为了方便起见,您可以使用`exercise_experiments.py`代码来微调模型,使用rank为16和alpha为16的LoRA,方法如下：

```bash
python exercise_experiments.py --exercise_solution lora
```

输出:

```
matplotlib version: 3.7.1
tiktoken version: 0.7.0
torch version: 2.3.0+cu121
tqdm version: 4.66.4
tensorflow version: 2.15.0
--------------------------------------------------
Training set length: 935
Validation set length: 55
Test set length: 110
--------------------------------------------------
Device: cuda
--------------------------------------------------
File already exists and is up-to-date: gpt2/355M/checkpoint
File already exists and is up-to-date: gpt2/355M/encoder.json
File already exists and is up-to-date: gpt2/355M/hparams.json
File already exists and is up-to-date: gpt2/355M/model.ckpt.data-00000-of-00001
File already exists and is up-to-date: gpt2/355M/model.ckpt.index
File already exists and is up-to-date: gpt2/355M/model.ckpt.meta
File already exists and is up-to-date: gpt2/355M/vocab.bpe
Loaded model: gpt2-medium (355M)
--------------------------------------------------
Total trainable parameters before: 406,286,336
Total trainable parameters after: 0
Total trainable LoRA parameters: 7,898,384
Initial losses
   Training loss: 3.7684114456176756
   Validation loss: 3.7619335651397705
Ep 1 (Step 000000): Train loss 2.509, Val loss 2.519
...
Ep 2 (Step 000230): Train loss 0.308, Val loss 0.652
...
--------------------------------------------------
Generating responses
100% 110/110 [01:52<00:00,  1.03s/it]
Responses saved as instruction-data-with-response-lora.json
Model saved as gpt2-medium355M-sft-lora.pth
```

作为对比,您可以通过`python exercise_experiments.py --exercise_solution baseline`运行原始的第7章微调代码。
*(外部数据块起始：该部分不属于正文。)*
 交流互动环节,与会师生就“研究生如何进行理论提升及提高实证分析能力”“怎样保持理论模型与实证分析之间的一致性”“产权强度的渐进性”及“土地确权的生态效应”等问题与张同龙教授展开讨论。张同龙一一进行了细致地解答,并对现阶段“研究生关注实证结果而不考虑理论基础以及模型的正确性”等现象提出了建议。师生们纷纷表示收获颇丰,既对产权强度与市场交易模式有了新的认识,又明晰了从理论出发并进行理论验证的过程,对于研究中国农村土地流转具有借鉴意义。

请注意,在Nvidia L4 GPU上,使用LoRA的上述代码运行时间为1.30分钟。相比之下,基准测试需要1.80分钟运行。因此,LoRA大约快28%。


我们可以使用Ollama Llama 3方法评估性能,为了方便起见,这也在`python exercise_experiments.py`脚本中实现了,我们可以按如下方式运行：

```bash
python ollama_evaluate.py --file_path instruction-data-with-response-lora.json
```

Output:

```
Ollama running: True
Scoring entries: 100%|████████████████████████| 110/110 [01:13<00:00,  1.50it/s]
Number of scores: 110 of 110
Average score: 50.23
```

分数大约为50,这与原始模型的表现在同一水平。